▶ **Material to process**:
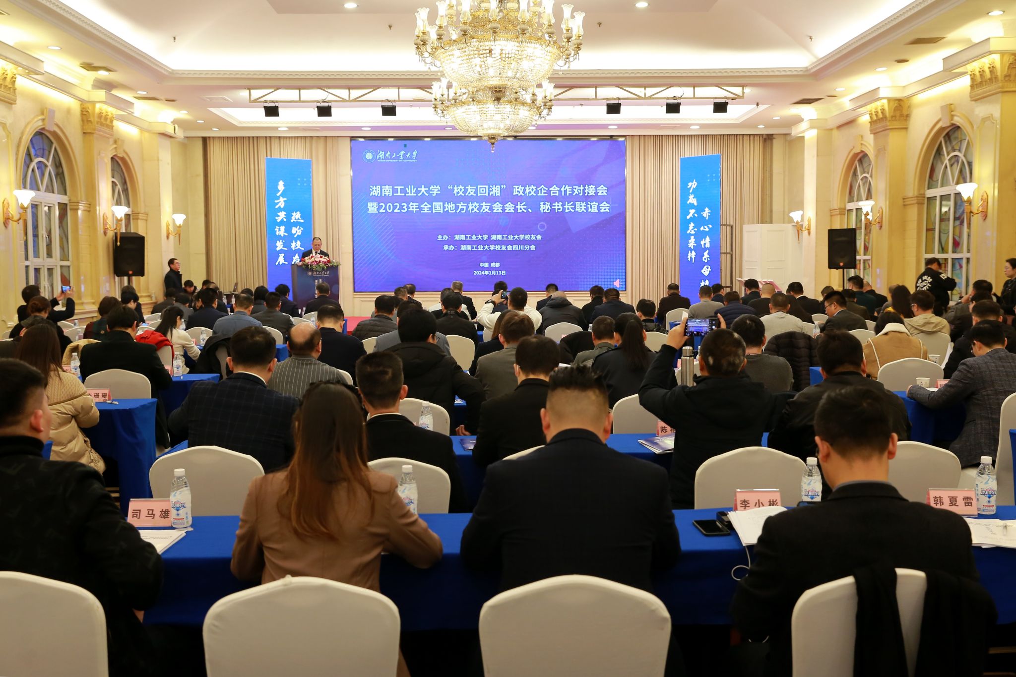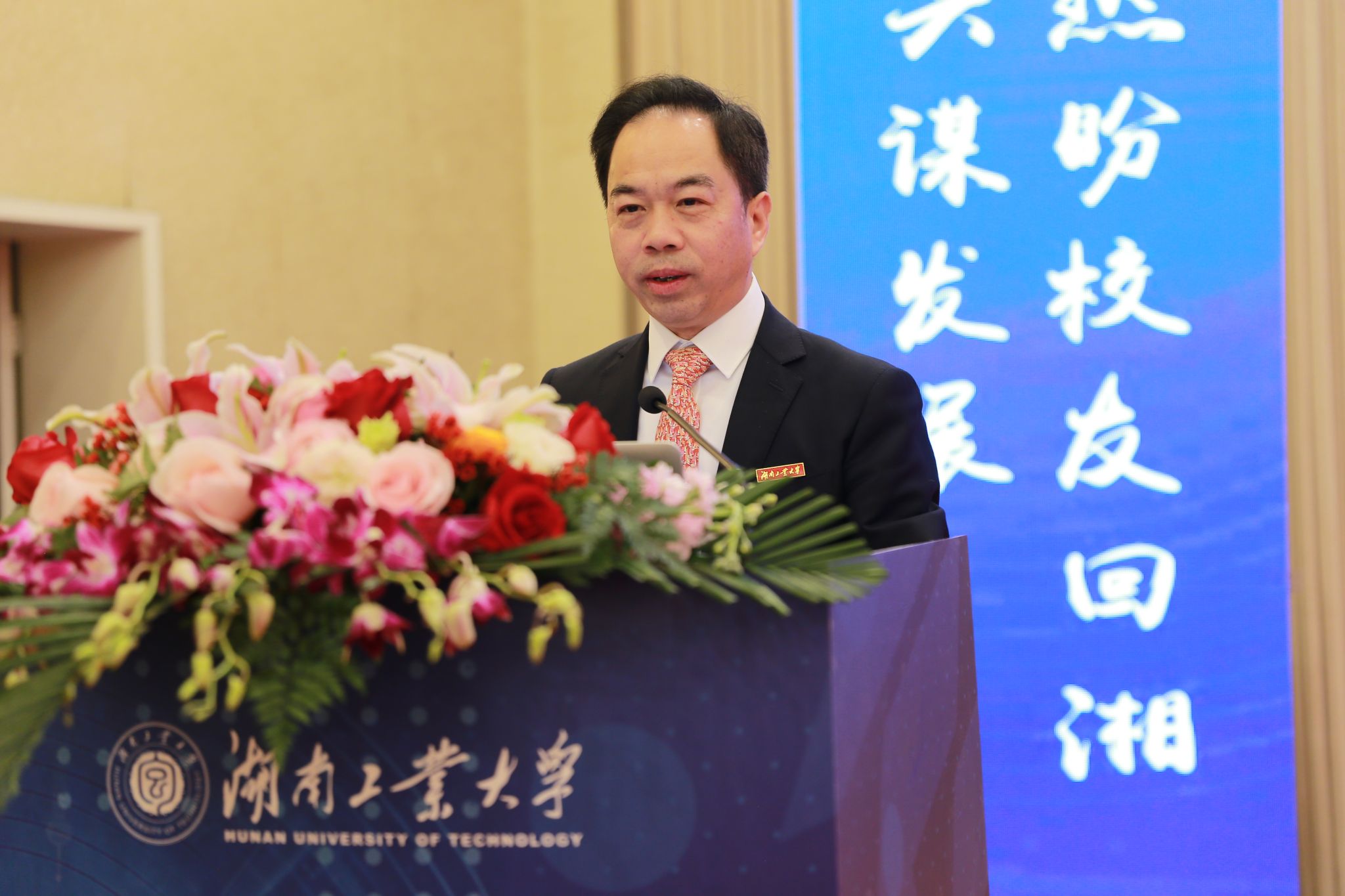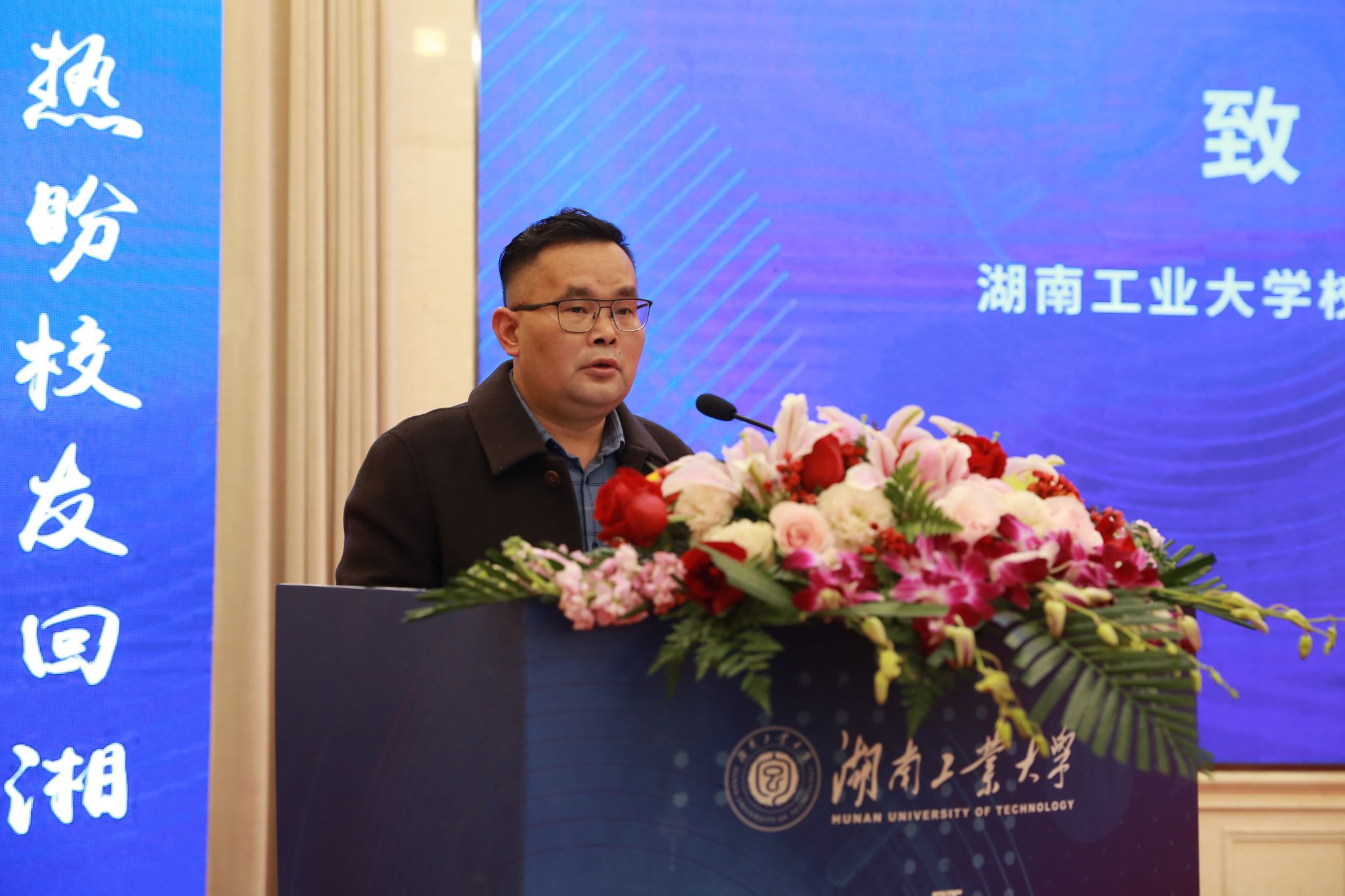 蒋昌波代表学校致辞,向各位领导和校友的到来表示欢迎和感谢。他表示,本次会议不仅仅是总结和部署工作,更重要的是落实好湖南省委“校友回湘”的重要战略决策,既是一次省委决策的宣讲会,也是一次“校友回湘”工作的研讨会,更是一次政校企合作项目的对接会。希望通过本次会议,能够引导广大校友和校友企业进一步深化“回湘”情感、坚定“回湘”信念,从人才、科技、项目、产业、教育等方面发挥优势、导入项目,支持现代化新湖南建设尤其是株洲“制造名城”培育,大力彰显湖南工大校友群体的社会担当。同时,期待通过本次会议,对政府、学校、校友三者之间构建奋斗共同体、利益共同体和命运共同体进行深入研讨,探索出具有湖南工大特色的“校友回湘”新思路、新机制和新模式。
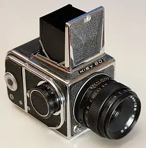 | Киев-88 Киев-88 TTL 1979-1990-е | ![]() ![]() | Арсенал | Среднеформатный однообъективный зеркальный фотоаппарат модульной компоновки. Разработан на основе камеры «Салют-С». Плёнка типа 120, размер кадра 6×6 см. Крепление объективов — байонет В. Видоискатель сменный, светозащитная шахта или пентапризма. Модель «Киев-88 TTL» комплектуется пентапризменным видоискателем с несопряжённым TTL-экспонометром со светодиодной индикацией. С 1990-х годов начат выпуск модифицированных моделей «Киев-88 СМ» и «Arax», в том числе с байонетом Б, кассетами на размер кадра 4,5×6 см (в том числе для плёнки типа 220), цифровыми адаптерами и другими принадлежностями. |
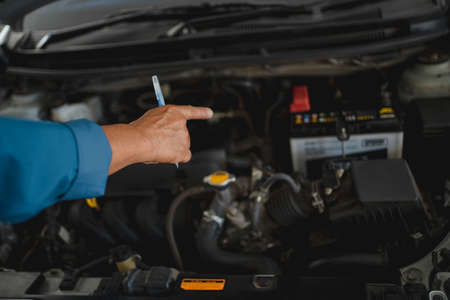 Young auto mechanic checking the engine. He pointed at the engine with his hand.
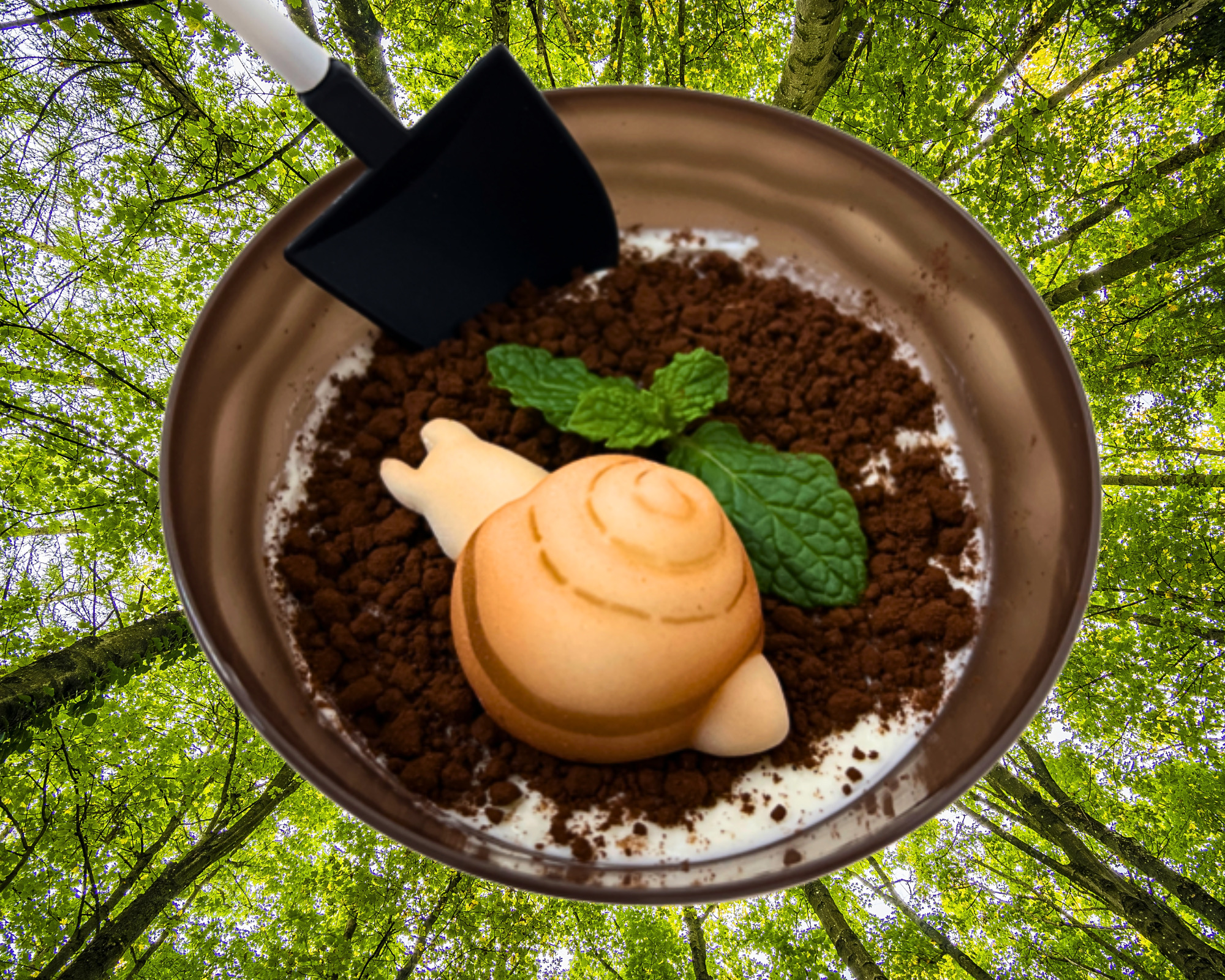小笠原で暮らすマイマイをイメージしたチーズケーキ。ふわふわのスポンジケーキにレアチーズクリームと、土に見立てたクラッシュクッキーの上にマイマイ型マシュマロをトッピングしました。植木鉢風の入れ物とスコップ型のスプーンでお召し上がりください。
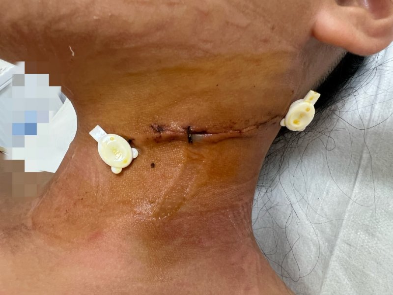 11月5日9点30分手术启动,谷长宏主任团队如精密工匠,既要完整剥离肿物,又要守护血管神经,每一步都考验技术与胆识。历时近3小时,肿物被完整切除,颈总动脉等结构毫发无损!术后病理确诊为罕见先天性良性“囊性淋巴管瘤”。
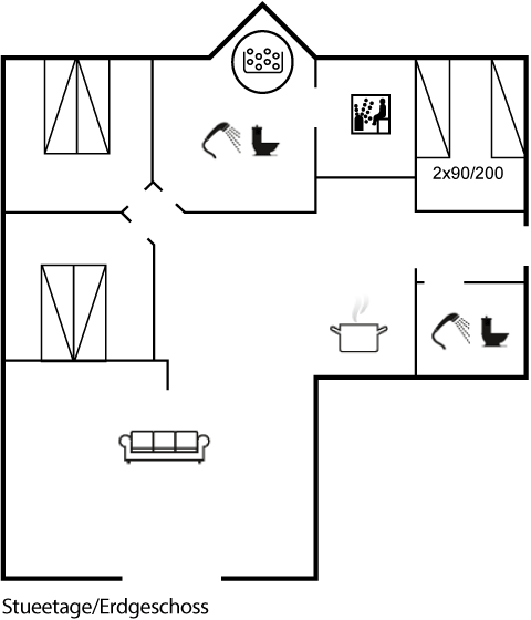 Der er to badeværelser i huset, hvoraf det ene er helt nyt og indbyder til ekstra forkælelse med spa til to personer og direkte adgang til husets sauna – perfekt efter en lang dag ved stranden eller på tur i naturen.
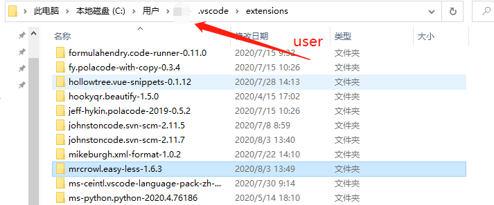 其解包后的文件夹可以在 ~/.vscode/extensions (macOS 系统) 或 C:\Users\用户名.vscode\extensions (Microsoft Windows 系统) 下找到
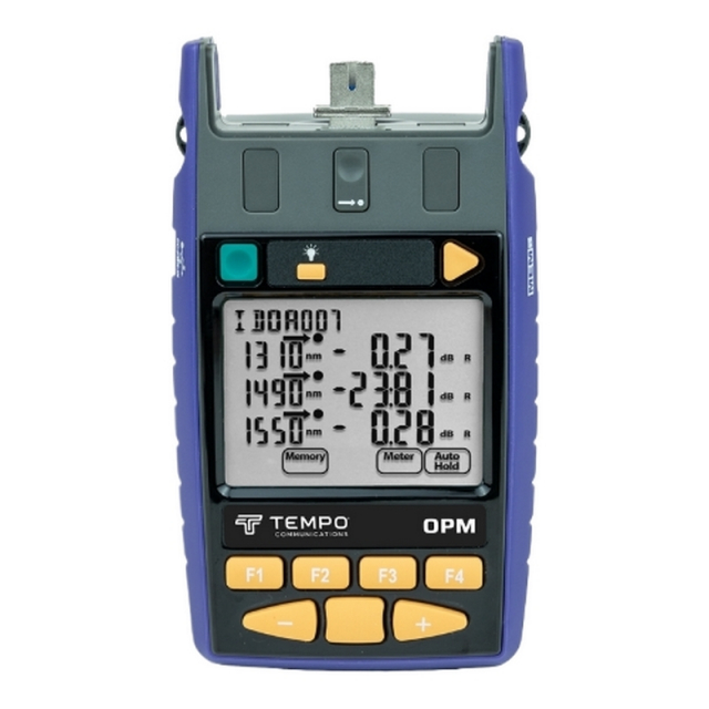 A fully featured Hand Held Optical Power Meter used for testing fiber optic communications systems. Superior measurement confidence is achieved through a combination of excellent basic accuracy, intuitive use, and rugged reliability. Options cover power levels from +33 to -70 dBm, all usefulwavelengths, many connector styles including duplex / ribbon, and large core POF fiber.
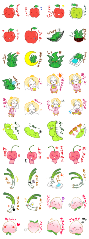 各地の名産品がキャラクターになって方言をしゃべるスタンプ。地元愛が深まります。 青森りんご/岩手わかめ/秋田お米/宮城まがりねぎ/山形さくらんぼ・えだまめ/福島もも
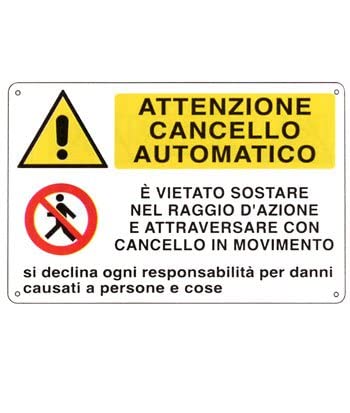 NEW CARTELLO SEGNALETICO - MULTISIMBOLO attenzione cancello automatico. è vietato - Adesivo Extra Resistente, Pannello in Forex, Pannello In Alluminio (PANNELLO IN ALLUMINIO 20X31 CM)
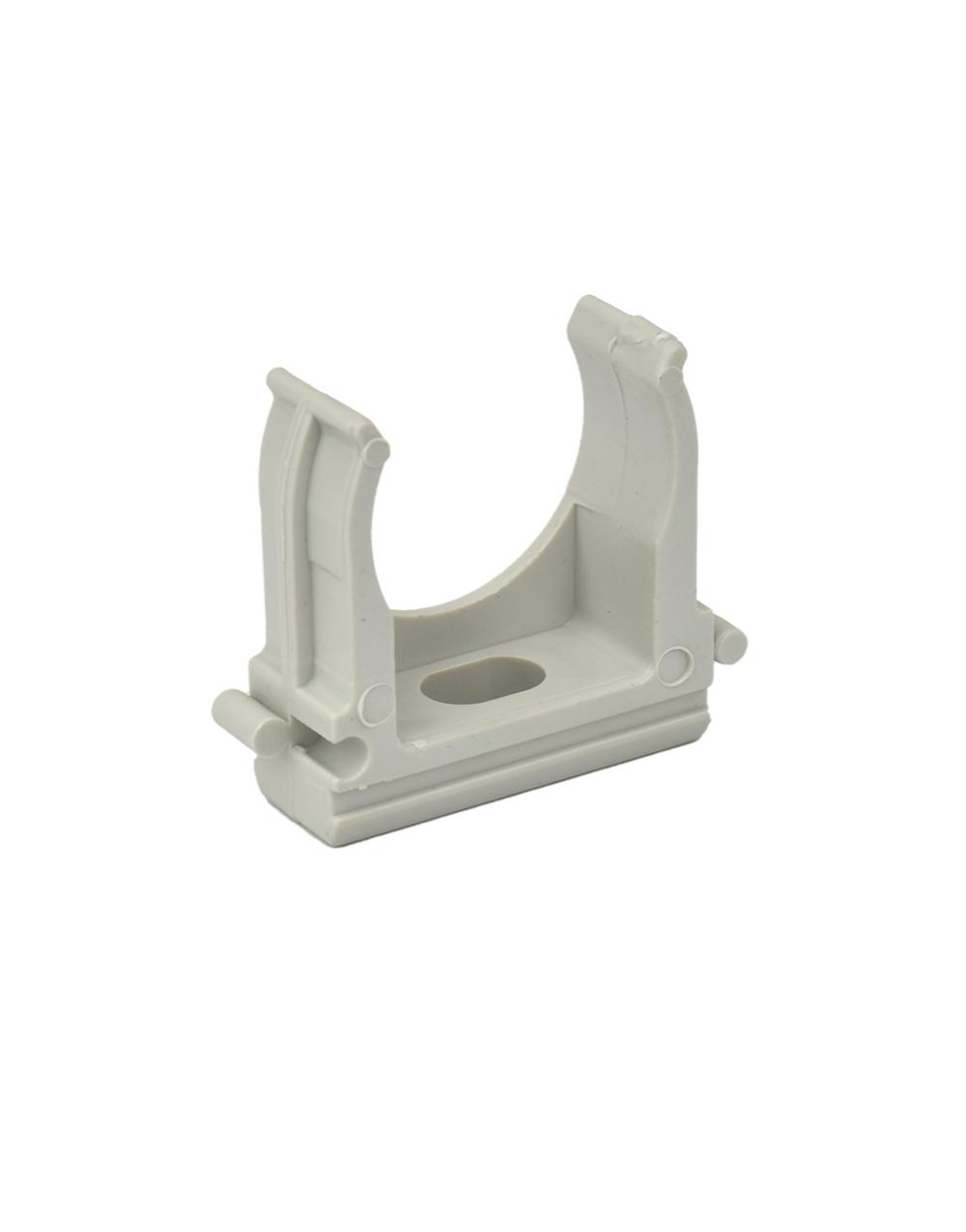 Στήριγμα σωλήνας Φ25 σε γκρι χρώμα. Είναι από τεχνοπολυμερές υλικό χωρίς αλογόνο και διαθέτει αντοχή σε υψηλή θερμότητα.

▶ **Problem statement**: Copy out all the data exactly. No images belong in the copy.

▶ **Response area**:
 蒋昌波代表学校致辞,向各位领导和校友的到来表示欢迎和感谢。他表示,本次会议不仅仅是总结和部署工作,更重要的是落实好湖南省委“校友回湘”的重要战略决策,既是一次省委决策的宣讲会,也是一次“校友回湘”工作的研讨会,更是一次政校企合作项目的对接会。希望通过本次会议,能够引导广大校友和校友企业进一步深化“回湘”情感、坚定“回湘”信念,从人才、科技、项目、产业、教育等方面发挥优势、导入项目,支持现代化新湖南建设尤其是株洲“制造名城”培育,大力彰显湖南工大校友群体的社会担当。同时,期待通过本次会议,对政府、学校、校友三者之间构建奋斗共同体、利益共同体和命运共同体进行深入研讨,探索出具有湖南工大特色的“校友回湘”新思路、新机制和新模式。
 | Киев-88 Киев-88 TTL 1979-1990-е | ![]() ![]() | Арсенал | Среднеформатный однообъективный зеркальный фотоаппарат модульной компоновки. Разработан на основе камеры «Салют-С». Плёнка типа 120, размер кадра 6×6 см. Крепление объективов — байонет В. Видоискатель сменный, светозащитная шахта или пентапризма. Модель «Киев-88 TTL» комплектуется пентапризменным видоискателем с несопряжённым TTL-экспонометром со светодиодной индикацией. С 1990-х годов начат выпуск модифицированных моделей «Киев-88 СМ» и «Arax», в том числе с байонетом Б, кассетами на размер кадра 4,5×6 см (в том числе для плёнки типа 220), цифровыми адаптерами и другими принадлежностями. |
 Young auto mechanic checking the engine. He pointed at the engine with his hand.
小笠原で暮らすマイマイをイメージしたチーズケーキ。ふわふわのスポンジケーキにレアチーズクリームと、土に見立てたクラッシュクッキーの上にマイマイ型マシュマロをトッピングしました。植木鉢風の入れ物とスコップ型のスプーンでお召し上がりください。
 11月5日9点30分手术启动,谷长宏主任团队如精密工匠,既要完整剥离肿物,又要守护血管神经,每一步都考验技术与胆识。历时近3小时,肿物被完整切除,颈总动脉等结构毫发无损!术后病理确诊为罕见先天性良性“囊性淋巴管瘤”。
 Der er to badeværelser i huset, hvoraf det ene er helt nyt og indbyder til ekstra forkælelse med spa til to personer og direkte adgang til husets sauna – perfekt efter en lang dag ved stranden eller på tur i naturen.
 其解包后的文件夹可以在 ~/.vscode/extensions (macOS 系统) 或 C:\Users\用户名.vscode\extensions (Microsoft Windows 系统) 下找到
 A fully featured Hand Held Optical Power Meter used for testing fiber optic communications systems. Superior measurement confidence is achieved through a combination of excellent basic accuracy, intuitive use, and rugged reliability. Options cover power levels from +33 to -70 dBm, all usefulwavelengths, many connector styles including duplex / ribbon, and large core POF fiber.
 各地の名産品がキャラクターになって方言をしゃべるスタンプ。地元愛が深まります。 青森りんご/岩手わかめ/秋田お米/宮城まがりねぎ/山形さくらんぼ・えだまめ/福島もも
 NEW CARTELLO SEGNALETICO - MULTISIMBOLO attenzione cancello automatico. è vietato - Adesivo Extra Resistente, Pannello in Forex, Pannello In Alluminio (PANNELLO IN ALLUMINIO 20X31 CM)
 Στήριγμα σωλήνας Φ25 σε γκρι χρώμα. Είναι από τεχνοπολυμερές υλικό χωρίς αλογόνο και διαθέτει αντοχή σε υψηλή θερμότητα.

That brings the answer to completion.